In this petition, Petitioner asserts that his trial and appellate counsel, Kevin G. Byrnes, committed legal malpractice and violated his Sixth Amendment rights in representing him through the criminal process. Petitioner asserts that he is barred from further state court action due to Byrnes failure to properly perform his duties. He also claims that during trial, the prosecutor told the jury that Petitioner was guilty because he did not testify.
Petitioner did not file a post-conviction relief ("PCR") motion in state court. Nor did he raise his claims concerning ineffective assistance of counsel in his appeal in state court. Petitioner did raise the prosecutorial claim regarding the prosecutor commenting on his failure to testify before the state courts on direct appeal.
A. Pro Se Pleading
Petitioner brings his habeas petition as a pro se litigant. A pro se pleading is held to less stringent standards than more formal pleadings drafted by lawyers. See Estelle v. Gamble, 429 U.S. 97, 106 (1976); Haines v. Kerner, 404 U.S. 519, 520 (1972). A pro se habeas petition and any supporting submissions must be construed liberally and with a measure of tolerance. See Royce v. Hahn, 151 F.3d 116, 118 (3d Cir. 1998); Lewis v. Attorney General, 878 F.2d 714, 721-22 (3d Cir. 1989); United States v. Brierley, 414 F.2d 552, 555 (3d Cir. 1969), cert. denied, 399 U.S. 912 (1970). Nevertheless, a federal district court can dismiss a habeas corpus petition if it appears from the face of the petition that the petitioner is not entitled to relief. See Lonchar v. Thomas, 517 U.S. 314, 320 (1996); Siers v. Ryan, 773 F.2d 37, 45 (3d Cir. 1985), cert. denied, 490 U.S. 1025 (1989). See also 28 U.S.C. §§ 2243, 2255.
B. Proper Respondent
Petitioner has not named the proper respondent in his petition. Petitioner names only Kevin Byrnes, Esq., as the respondent. As noted, Mr. Byrnes was Petitioner's counsel at trial and on direct appeal.

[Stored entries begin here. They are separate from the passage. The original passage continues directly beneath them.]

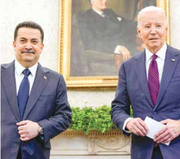
بائد والسوداني في البيت الأبيض، 15 إبريله الحالي
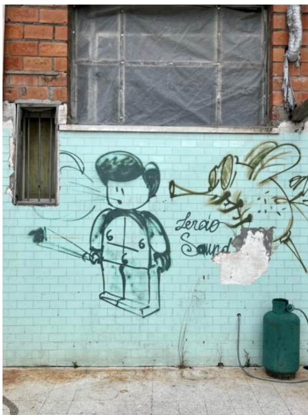
Slikovni prilog 10. Fotografija zida zajedničke lođe.
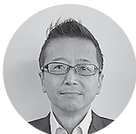
近重勉税理士事務所 所長
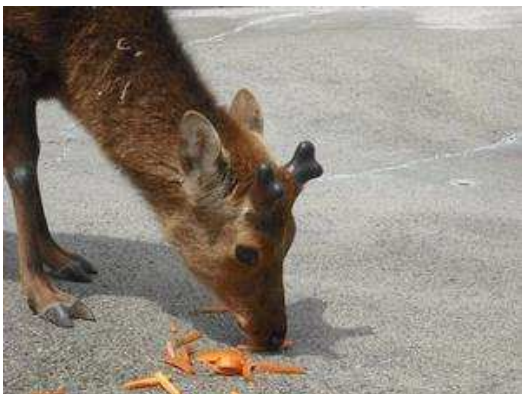
平成22年5月9日 1回目の枝分かれ始め。
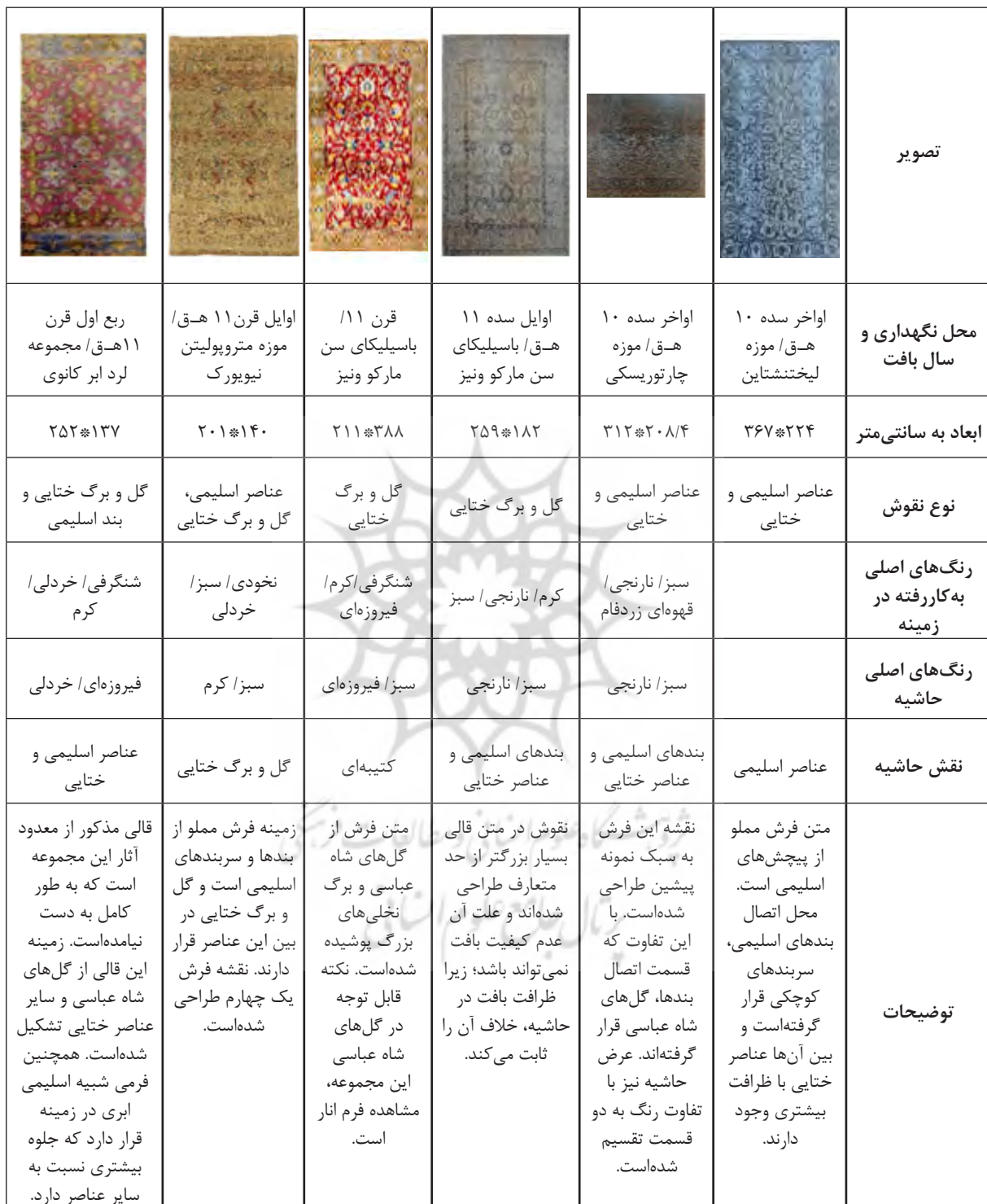
جدول ۴: بررسی قالی‌های افشان پولونزی (ماخذ: نگارندگان)
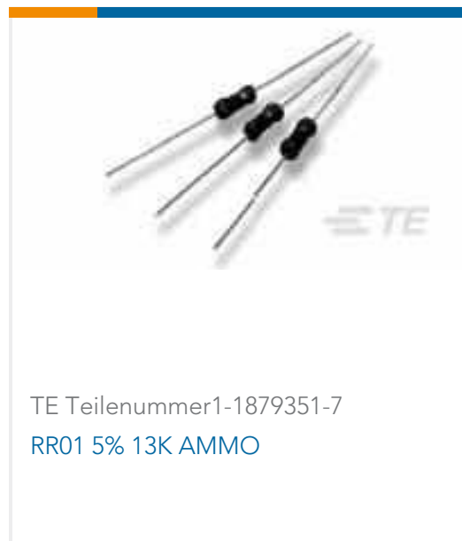
TE Teilenummer1-1879351-7 RR01 5% 13K AMMO
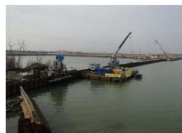
定川河川災害復旧工事状況
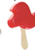
Ice cream crest
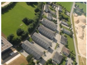
Piazza d'armi di Bure
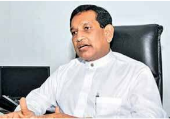
ரிஷாத் பதியுதீன், ரவூப் ஹக்கீம் போன்ற ஜனநாயகவாதிகள் கைது செய்யப்படும்போது, பிரிவினைவாதத் தலைவர்களே எஞ்சியிருப்பார்கள். வடக்கில் அமிர்தலிங்கம் போன்றோரை நாடாளுமன்றில் இருந்து வெளியேற்றியதும், ஜனநாயகவாதிகளுக்கு கருத்து வெளியிட வாய்ப்புகள் இல்லாமல்போனதும், இறுதியில் வேலுப்பிள்ளை பிரபாகரன் துப்பாக்கியுடாக பேசினார். இவ்வாறான ஒரு நிலைமை மீண்டும் நிகழாமல் இருக்கவே நாம் செயற்படுகின்றோம்.

ரிஷாத் பதியுதீன் செய்துள்ள என்ற தொனிப்பொருளில் இந்த ஆர்ப்பாட்டம் இடம்பெற்றது. இதில் பங்கேற்று கருத்து வெளியிடக்கையில் நாடாளுமன்ற உறுப்பினர் ராஜித சேனாரத்ன இந்த விடயத்தை குறிப்பிட்டுள்ளார். ரிஷாத் பதியுதீன் ஏன் கைது செய்யப்பட்டார், அவருக்கு எதிராக ஜனாதிபதி ஆணைக்குழு எவ்வித சாட்சிகளையும் முன்வைக்கவில்லை. அவரை இதற்கு முன்னர் 5 தடவைகள் குற்றப்புலனாய்வுத் துறை கைது செய்து விசாரணைகளை முன்னெடுத்ததோடு அவரை விடுதலை செய்துள்ளது. ரிஷாத் பதியுதீனின் சகோதரர் கைது செய்யப்பட்டு எட்டு மாதங்கள் தடுத்து வைக்கப்பட்டு இறுதியில் அவருக்கும் தாக்குதலுக்கும் எவ்வித தொடர்பும் இல்லை யென பி அறிக்கையைச் சமர்ப்பித்தார்கள். யாருடைய நோக்கத்துக்காகக் கைது செய்யப்படுகின்றார்கள். மேலிடத்திலிருந்து அறிவுறுத்தல் வழங்குவது யார்? ஒவ்வொருத்தர் கோரிக்கை விடுக்கையில் அவர்களை மகிழ்ச்சிப்படுத்துவதற்காக இடம்பெறும் கைதுகள் மனித உரிமை மீறலாகும்.
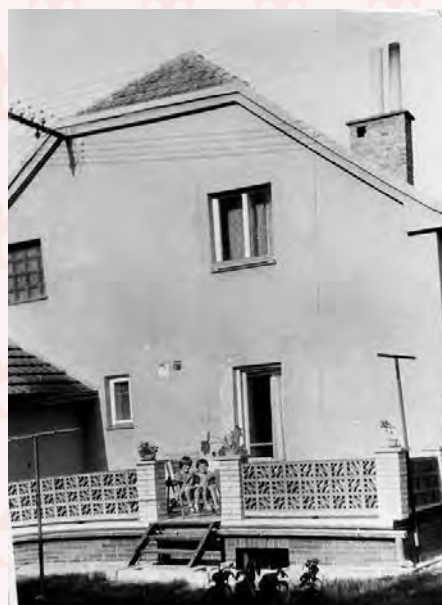
čp. 292 v roce 2010
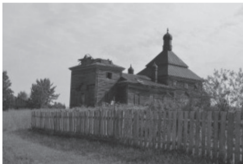
Храм Иоанна Предтечи в д. Великий Двор

Группа волонтеров из Вологды и Петрозаводска посетила деревню Великий Двор Вытегорского района.
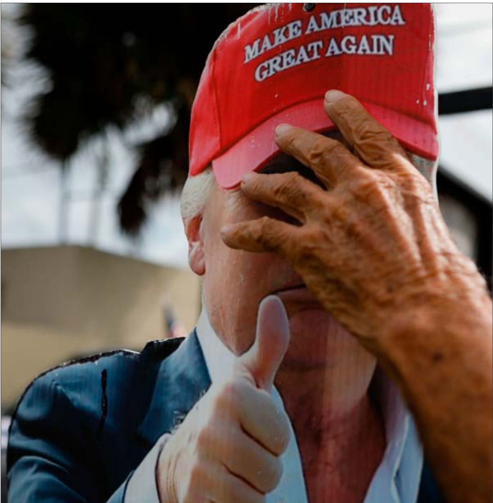
ضمّ المجمع الانتخابي لياخذ التصويت الشعبي في الاتجاه الذي نراه الولايات مناسباً

كيفية تقسيم مقاعد الكونغرس، كانت «الثلاثة أخماس» عبارة عن اتفاق لحلّ وسط بين المندوبين من الولايات الشمالية والجنوبية في المؤتمر الدستوري للولايات المتحدة (1787). وفي ذلك الحين، جرى البحث في كيفية احتساب العبيد من إجمالي عدد سكان الولاية، لتحديد عدد مقاعدها في مجلس النواب، ومقدار الضرائب التي ستدفعها. توصلت التسوية إلى احتساب ثلاثة من كل خمسة عبيد كاشخاص، ما أعطى الولايات الجنوبية مقاعد أكثر بمقدار الثلث في الكونغرس، وثلت الأصوات الانتخابية، أي أكثر مما لو تمّ تجاهل العبيد، ولكن أقلّ ممّا لو تمّ احتسابهم مع «الأحرار»، بالتساوي. وإن كان من توضيح لما حصل، فكيفي الإشارة إلى ما ذكرته «ذي اتلانك»، من أن «المجمع الانتخابي» أعطى حافزاً للولايات الجنوبية (ذات الميول الجمهورية)، وكان سبباً في تفضيل أصوات البيض على حساب غيرها، حتى يومنا هذا.
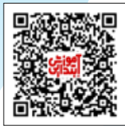
نمونه املاي حافظه
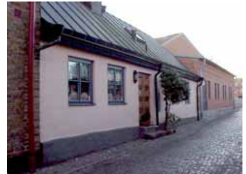
OLOF 22 från NO
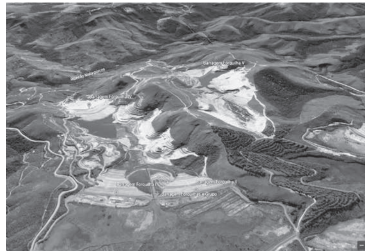
Os planos de manutenção, inspeção e monitoramento envolvem as barragens Forquilhas I, II e IV do Complexo Mina da Fábrica

A Vale já havia realizado testes para corte e remoção do excesso de vegetação das barragens, manutenção de instrumentos e limpeza do sistema de drenagem das estruturas. No entanto, a auditoria técnica Rizzo International, que auxilia o Ministério Público de Minas Gerais (MPMG) e o Ministério Público do Trabalho (MPT), negou-se a dar prosseguimento à autorização para a mineradora
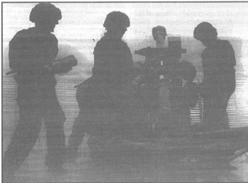
Truppe francesi in Bosnia: «peace keeping» (per portare la pace)?

Le cause della crisi sono molteplici e interdipendenti: il crollo nel 1989 dello stalinismo; la mancata rivoluzione politica antiburocratica nei Paesi cosiddetti "socialisti"; il tentativo della burocrazia che dirigeva il Pcj di saltare sul carro dei vincitori (l'imperialismo); le epurazioni nel Pcj negli anni venti-trenta fatte da Tito e Stalin che impedirono il maturare di una rottura reale con la burocrazia sovietica; l'impossibilità di costruire il socialismo in un paese solo e la conseguente nascita negli anni ottanta — in
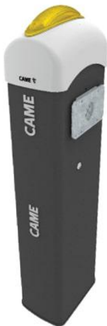
Фото Тумба шлагбаума G3000SX CAME 001G3000SX

Отправьте запрос на коммерческое предложение и получите индивидуальные цены и сроки поставки
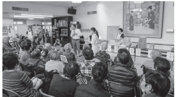
～当たるといいなあ… 大抽選会～
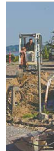
20. juni blev planen lagt for at føre elektricitet frem til bagerste vinterplads. Arkivfoto.
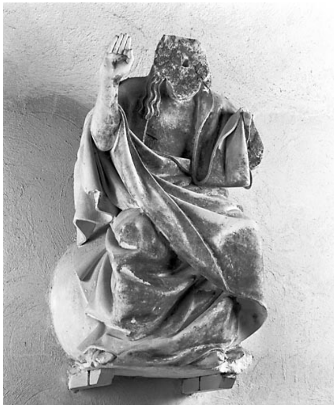
Vue de trois quarts.
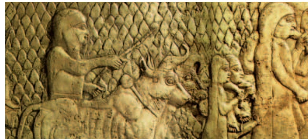
The resettlement of Jewish women and children in Babylon. Fragment of a 7th-century BC relief found at Nineveh.

Иосиф Флавий родился в Иерусалиме в аристократической священнической семье. Ему исполнилось двадцать шесть, когда он был послан в Рим с поручением добиться освобождения нескольких еврейских жрецов. Рим произвел на него очень сильное впечатление.
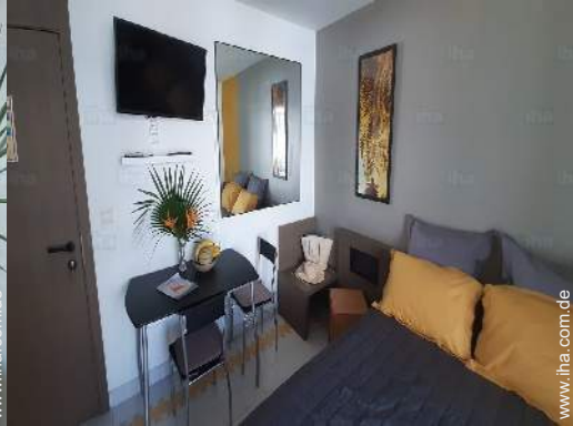
Raumaufteilung und Annehmlichkeiten

According to Rule 2(a) of the Rules Governing Section 2254 Cases in the United States District Courts, "If the petitioner is currently in custody under a state-court judgment, the petition must name as respondent the state officer who has custody." Therefore, the proper respondent would have been the warden or administrator of the facility in which Petitioner was detained at the time he filed his petition. However, in this case, since Petitioner is now released, if Petitioner is on parole due to the state judgment he is attacking, the named respondent should be the particular parole officer responsible for his supervision. If Petitioner is not on parole, the proper respondent would be the Attorney General of New Jersey. See Comments to Rule 2. However, due to this Court's disposition of this matter, see Exhaustion analysis below, this issue is moot.
1. Exhaustion Requirement
A state prisoner applying for a writ of habeas corpus in federal court must first "exhaust[ ] the remedies available in the courts of the State," unless "there is an absence of available State corrective process[ ] or . . . circumstances exist that render such process ineffective . . . ."*fn1 28 U.S.C. § 2254(b)(1); see also Rose v. Lundy, 455 U.S. 509, 515 (1982); Lambert v. Blackwell, 134 F.3d 506, 513 (3d Cir. 1997), cert. denied, 532 U.S. 919 (2001) (finding that "Supreme Court precedent and the AEDPA mandate that prior to determining the merits of [a] petition, [a court] must consider whether [petitioner] is required to present [his or her] unexhausted claims to the [state's] courts").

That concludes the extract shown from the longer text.